-- WHAT YOU ARE ASKED TO DO --
Could the records below please be retyped exactly, with their pictures left out?

==*==

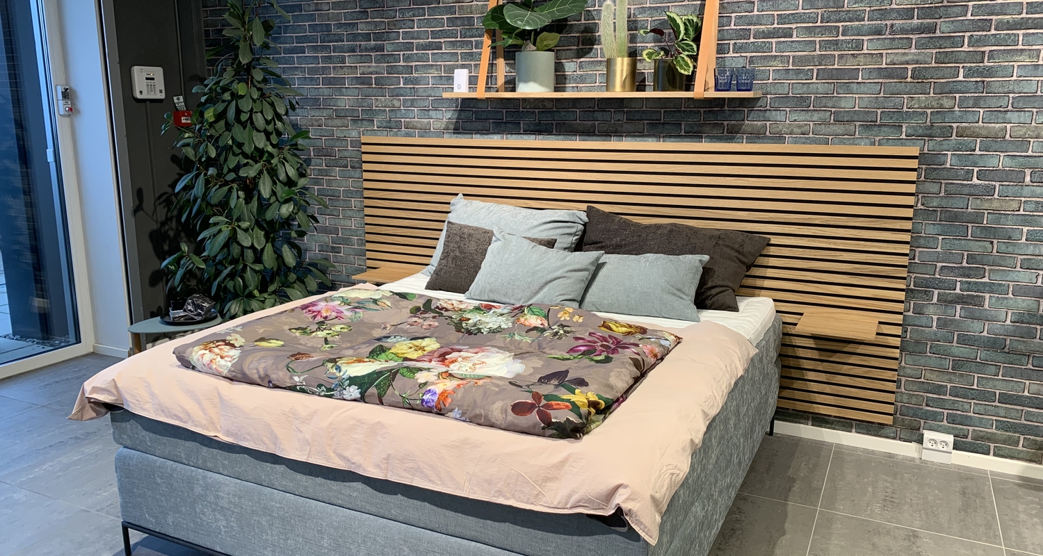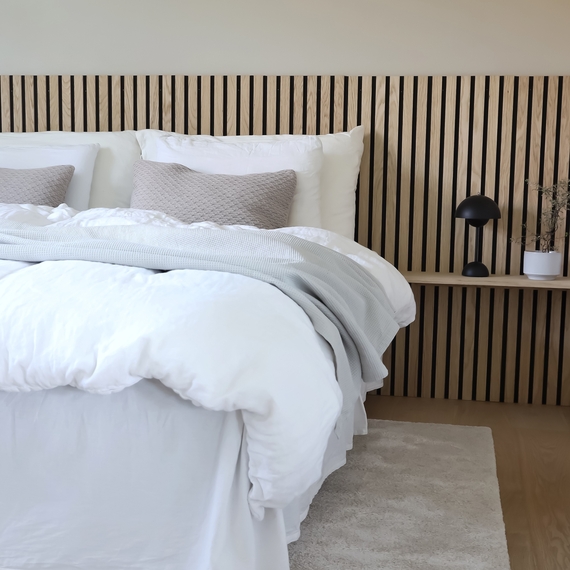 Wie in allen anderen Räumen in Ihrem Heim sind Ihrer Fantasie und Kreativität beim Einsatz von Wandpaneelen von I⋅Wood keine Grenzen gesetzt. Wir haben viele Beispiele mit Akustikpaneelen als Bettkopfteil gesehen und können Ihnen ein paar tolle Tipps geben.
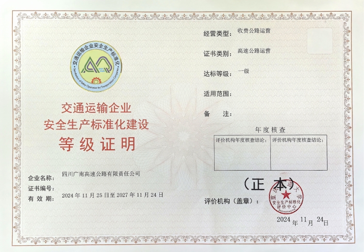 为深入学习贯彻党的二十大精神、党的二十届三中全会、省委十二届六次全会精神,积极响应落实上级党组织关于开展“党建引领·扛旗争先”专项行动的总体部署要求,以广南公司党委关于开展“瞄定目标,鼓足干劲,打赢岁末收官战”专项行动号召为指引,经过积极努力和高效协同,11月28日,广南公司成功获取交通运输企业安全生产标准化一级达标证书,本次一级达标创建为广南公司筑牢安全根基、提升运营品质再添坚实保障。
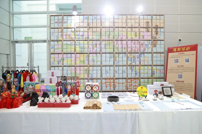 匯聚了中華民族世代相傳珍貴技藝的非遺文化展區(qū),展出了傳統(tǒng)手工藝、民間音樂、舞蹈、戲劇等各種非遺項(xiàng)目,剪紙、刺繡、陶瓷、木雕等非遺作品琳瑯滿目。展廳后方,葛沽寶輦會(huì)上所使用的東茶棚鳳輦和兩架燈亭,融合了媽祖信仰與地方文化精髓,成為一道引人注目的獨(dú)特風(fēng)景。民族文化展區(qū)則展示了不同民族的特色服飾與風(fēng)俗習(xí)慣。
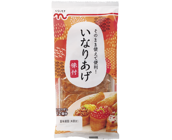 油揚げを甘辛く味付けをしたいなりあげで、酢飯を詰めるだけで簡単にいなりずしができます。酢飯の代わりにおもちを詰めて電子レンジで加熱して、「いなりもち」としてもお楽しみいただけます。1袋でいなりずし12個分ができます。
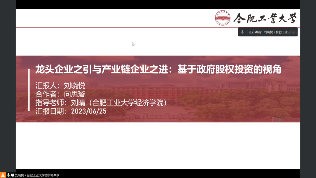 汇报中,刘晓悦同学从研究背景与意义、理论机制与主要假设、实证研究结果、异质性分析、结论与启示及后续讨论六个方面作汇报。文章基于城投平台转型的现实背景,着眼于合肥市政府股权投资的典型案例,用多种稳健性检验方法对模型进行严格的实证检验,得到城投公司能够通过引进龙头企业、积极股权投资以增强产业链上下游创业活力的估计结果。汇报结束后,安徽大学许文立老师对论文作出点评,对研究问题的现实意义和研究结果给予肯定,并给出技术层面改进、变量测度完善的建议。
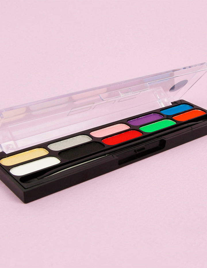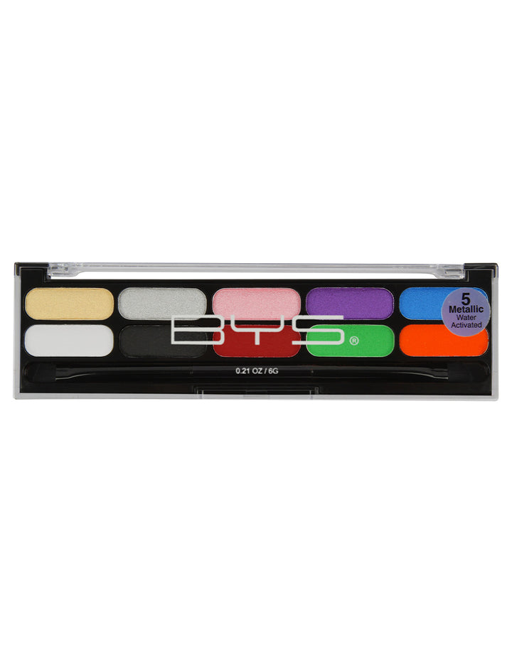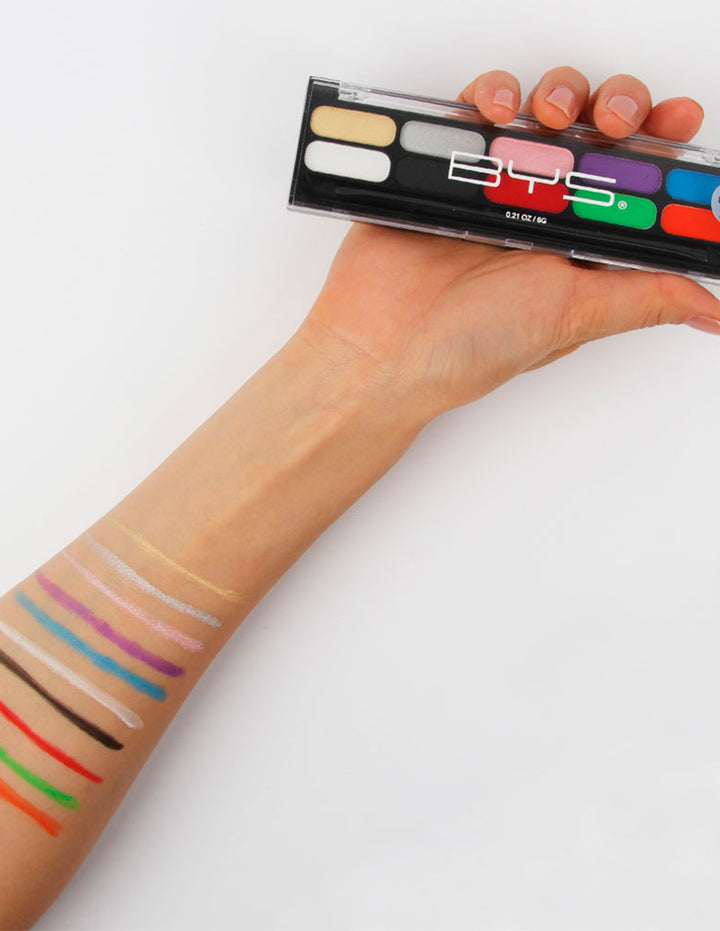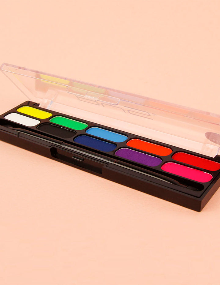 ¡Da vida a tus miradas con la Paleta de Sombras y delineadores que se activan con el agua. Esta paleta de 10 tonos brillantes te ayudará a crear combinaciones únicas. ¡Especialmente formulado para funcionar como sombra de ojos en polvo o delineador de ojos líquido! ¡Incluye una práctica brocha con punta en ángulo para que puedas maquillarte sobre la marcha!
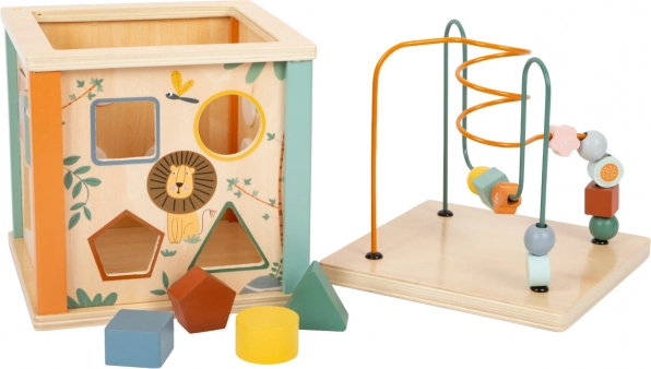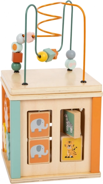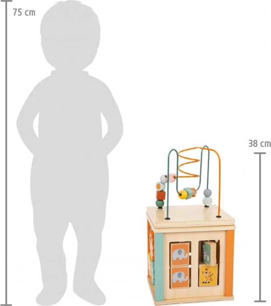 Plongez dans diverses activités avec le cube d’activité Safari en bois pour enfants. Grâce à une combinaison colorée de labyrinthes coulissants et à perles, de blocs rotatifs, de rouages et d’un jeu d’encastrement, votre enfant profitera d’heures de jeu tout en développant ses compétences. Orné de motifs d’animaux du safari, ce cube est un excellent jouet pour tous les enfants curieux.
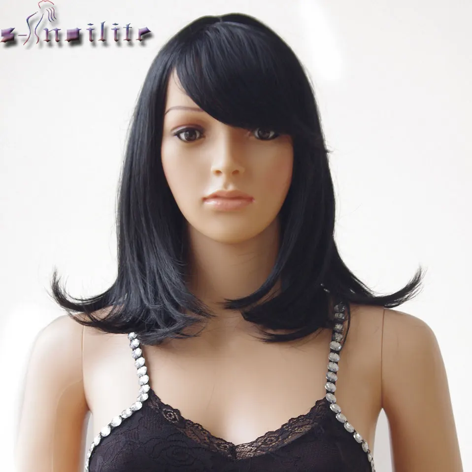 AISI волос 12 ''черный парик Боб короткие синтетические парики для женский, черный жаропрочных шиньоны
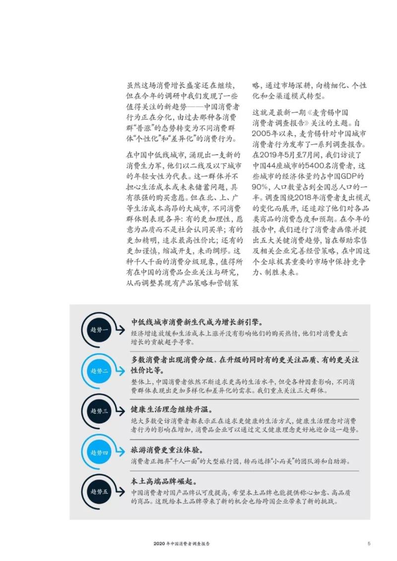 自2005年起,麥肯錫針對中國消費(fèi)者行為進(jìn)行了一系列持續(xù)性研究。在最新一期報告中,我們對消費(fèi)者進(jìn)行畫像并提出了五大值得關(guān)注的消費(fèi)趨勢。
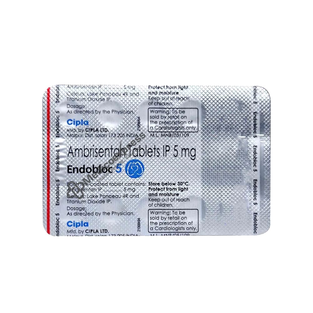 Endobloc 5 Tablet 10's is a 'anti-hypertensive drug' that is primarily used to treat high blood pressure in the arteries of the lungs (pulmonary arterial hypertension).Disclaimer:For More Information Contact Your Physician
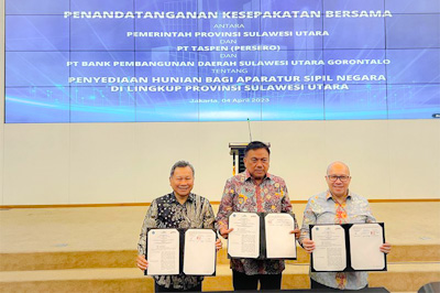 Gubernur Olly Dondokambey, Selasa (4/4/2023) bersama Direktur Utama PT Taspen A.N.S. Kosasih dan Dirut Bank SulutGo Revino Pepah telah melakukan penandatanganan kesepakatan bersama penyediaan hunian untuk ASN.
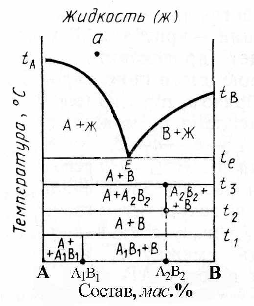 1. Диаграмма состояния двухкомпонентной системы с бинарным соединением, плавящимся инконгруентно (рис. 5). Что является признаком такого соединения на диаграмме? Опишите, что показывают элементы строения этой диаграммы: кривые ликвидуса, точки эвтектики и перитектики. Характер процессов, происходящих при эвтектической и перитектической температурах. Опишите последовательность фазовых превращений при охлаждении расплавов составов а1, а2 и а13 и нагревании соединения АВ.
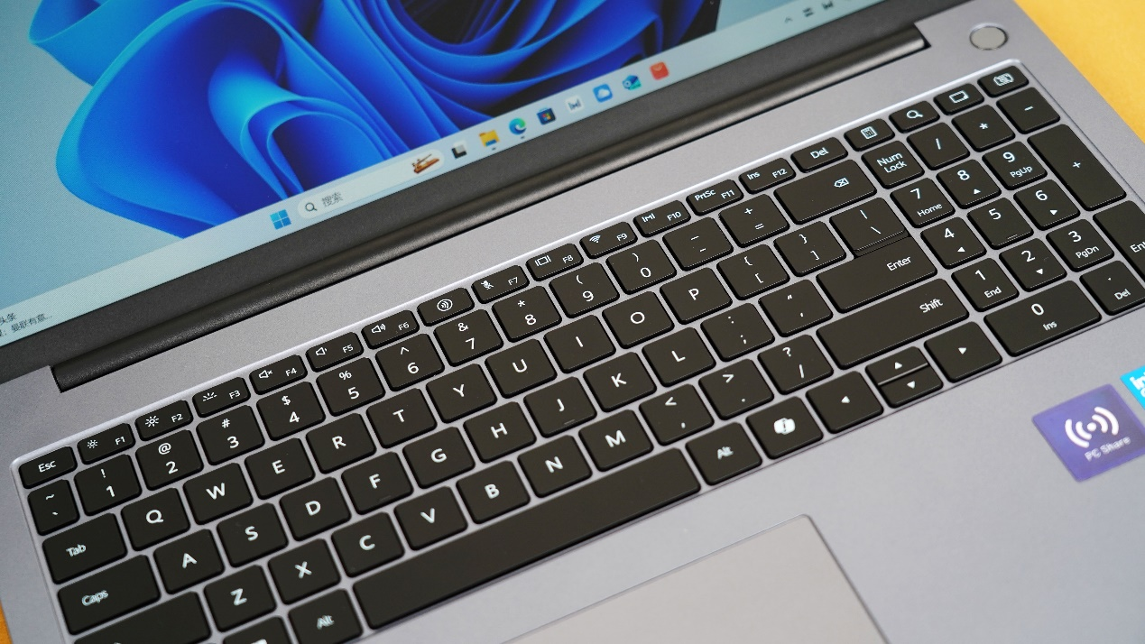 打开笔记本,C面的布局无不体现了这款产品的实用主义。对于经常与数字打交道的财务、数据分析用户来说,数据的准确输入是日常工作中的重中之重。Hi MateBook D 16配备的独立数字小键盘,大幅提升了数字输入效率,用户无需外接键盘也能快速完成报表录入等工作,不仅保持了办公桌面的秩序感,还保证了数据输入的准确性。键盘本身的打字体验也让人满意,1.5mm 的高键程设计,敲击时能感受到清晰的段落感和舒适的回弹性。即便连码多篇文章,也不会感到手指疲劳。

==*==

-- TASK OUTPUT --
 Wie in allen anderen Räumen in Ihrem Heim sind Ihrer Fantasie und Kreativität beim Einsatz von Wandpaneelen von I⋅Wood keine Grenzen gesetzt. Wir haben viele Beispiele mit Akustikpaneelen als Bettkopfteil gesehen und können Ihnen ein paar tolle Tipps geben.
 为深入学习贯彻党的二十大精神、党的二十届三中全会、省委十二届六次全会精神,积极响应落实上级党组织关于开展“党建引领·扛旗争先”专项行动的总体部署要求,以广南公司党委关于开展“瞄定目标,鼓足干劲,打赢岁末收官战”专项行动号召为指引,经过积极努力和高效协同,11月28日,广南公司成功获取交通运输企业安全生产标准化一级达标证书,本次一级达标创建为广南公司筑牢安全根基、提升运营品质再添坚实保障。
 匯聚了中華民族世代相傳珍貴技藝的非遺文化展區(qū),展出了傳統(tǒng)手工藝、民間音樂、舞蹈、戲劇等各種非遺項(xiàng)目,剪紙、刺繡、陶瓷、木雕等非遺作品琳瑯滿目。展廳后方,葛沽寶輦會(huì)上所使用的東茶棚鳳輦和兩架燈亭,融合了媽祖信仰與地方文化精髓,成為一道引人注目的獨(dú)特風(fēng)景。民族文化展區(qū)則展示了不同民族的特色服飾與風(fēng)俗習(xí)慣。
 油揚げを甘辛く味付けをしたいなりあげで、酢飯を詰めるだけで簡単にいなりずしができます。酢飯の代わりにおもちを詰めて電子レンジで加熱して、「いなりもち」としてもお楽しみいただけます。1袋でいなりずし12個分ができます。
 汇报中,刘晓悦同学从研究背景与意义、理论机制与主要假设、实证研究结果、异质性分析、结论与启示及后续讨论六个方面作汇报。文章基于城投平台转型的现实背景,着眼于合肥市政府股权投资的典型案例,用多种稳健性检验方法对模型进行严格的实证检验,得到城投公司能够通过引进龙头企业、积极股权投资以增强产业链上下游创业活力的估计结果。汇报结束后,安徽大学许文立老师对论文作出点评,对研究问题的现实意义和研究结果给予肯定,并给出技术层面改进、变量测度完善的建议。
 ¡Da vida a tus miradas con la Paleta de Sombras y delineadores que se activan con el agua. Esta paleta de 10 tonos brillantes te ayudará a crear combinaciones únicas. ¡Especialmente formulado para funcionar como sombra de ojos en polvo o delineador de ojos líquido! ¡Incluye una práctica brocha con punta en ángulo para que puedas maquillarte sobre la marcha!
 Plongez dans diverses activités avec le cube d’activité Safari en bois pour enfants. Grâce à une combinaison colorée de labyrinthes coulissants et à perles, de blocs rotatifs, de rouages et d’un jeu d’encastrement, votre enfant profitera d’heures de jeu tout en développant ses compétences. Orné de motifs d’animaux du safari, ce cube est un excellent jouet pour tous les enfants curieux.
 AISI волос 12 ''черный парик Боб короткие синтетические парики для женский, черный жаропрочных шиньоны
 自2005年起,麥肯錫針對中國消費(fèi)者行為進(jìn)行了一系列持續(xù)性研究。在最新一期報告中,我們對消費(fèi)者進(jìn)行畫像并提出了五大值得關(guān)注的消費(fèi)趨勢。
 Endobloc 5 Tablet 10's is a 'anti-hypertensive drug' that is primarily used to treat high blood pressure in the arteries of the lungs (pulmonary arterial hypertension).Disclaimer:For More Information Contact Your Physician
 Gubernur Olly Dondokambey, Selasa (4/4/2023) bersama Direktur Utama PT Taspen A.N.S. Kosasih dan Dirut Bank SulutGo Revino Pepah telah melakukan penandatanganan kesepakatan bersama penyediaan hunian untuk ASN.
 1. Диаграмма состояния двухкомпонентной системы с бинарным соединением, плавящимся инконгруентно (рис. 5). Что является признаком такого соединения на диаграмме? Опишите, что показывают элементы строения этой диаграммы: кривые ликвидуса, точки эвтектики и перитектики. Характер процессов, происходящих при эвтектической и перитектической температурах. Опишите последовательность фазовых превращений при охлаждении расплавов составов а1, а2 и а13 и нагревании соединения АВ.
 打开笔记本,C面的布局无不体现了这款产品的实用主义。对于经常与数字打交道的财务、数据分析用户来说,数据的准确输入是日常工作中的重中之重。Hi MateBook D 16配备的独立数字小键盘,大幅提升了数字输入效率,用户无需外接键盘也能快速完成报表录入等工作,不仅保持了办公桌面的秩序感,还保证了数据输入的准确性。键盘本身的打字体验也让人满意,1.5mm 的高键程设计,敲击时能感受到清晰的段落感和舒适的回弹性。即便连码多篇文章,也不会感到手指疲劳。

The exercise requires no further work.